Ben and I don't know many other engaged people.  And the ones we do know don't have to deal with anything like this-- a test of your "in sickness or in health" vow before you've even have to vow it!  I would love to just have a normal engagement, you know, one where you just focus on planning your wedding, honeymoon, and maybe talking about buying a house.  But that's not our journey. However, I'm grateful for the one we're on.  Some people ask me if I'm scared  about getting married. But I am not.
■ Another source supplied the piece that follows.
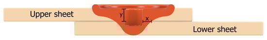From the analysis of the cross section of the weld region, it is possible to identify two geometric characteristics of the weld that make it possible to draw several conclusions about the quality of the FSSW: the thickness of the weld nugget () and the thickness of the upper sheet under the shoulder indentation () [64], both represented in Figure 5. The thickness of the weld nugget () is directly related to the area of the weld cross section (). Therefore, the increase in one means the increase in the other. A larger welded area corresponds to a greater amount of joined material and therefore usually means a stronger joint [64]. The thickness of the upper sheet under the shoulder indentation (), as the name implies, corresponds to the height of the upper plate after the FSSW process. This measure is important because the penetration of the shoulder into the upper plate leads to a decrease in its thickness. So, the reduction of this dimension could lead to a reduction of weld strength [64].
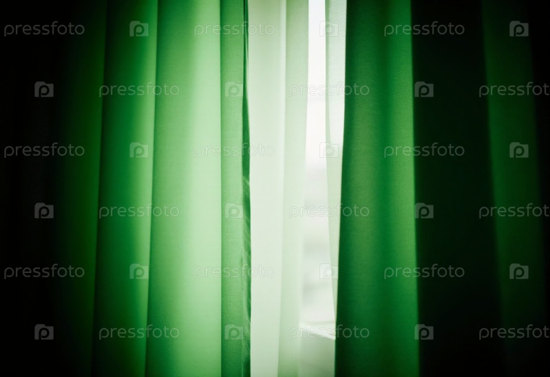 Зеленые шторы мягко раскачиваются, когда солнечный свет проходит через окно и освещает уютную комнату.Мягкий свет создает спокойную атмосферу, идеальную для отдыха

I am 100% ready.  I think what makes some people scared is the uncertainty of what's to come, how their partner will be.  Because of our special circumstances, I know 100% that I am taken care of, loved, appreciated, and protected.  I don't worry about if Ben is going to be there for me, because he already is.  

After seriously demolishing a half a box of donuts, we lingered for another 10 minutes to watch another fresh batch of donuts being made.  We even rooted for some of the underdog, deformed donuts to make it into the Krispy Kreme fundraising boxes, but they really do catch those quick!  I looked around the restaurant.  It was pretty empty except for a family with two kids, doing almost the exact same thing, marveling at donut creation.  This is what some families do---they take trips to Krispy Kreme, to have a special treat.  That day I was so happy to be there, watching donuts get fried, with Ben, one/half of my new two-person family.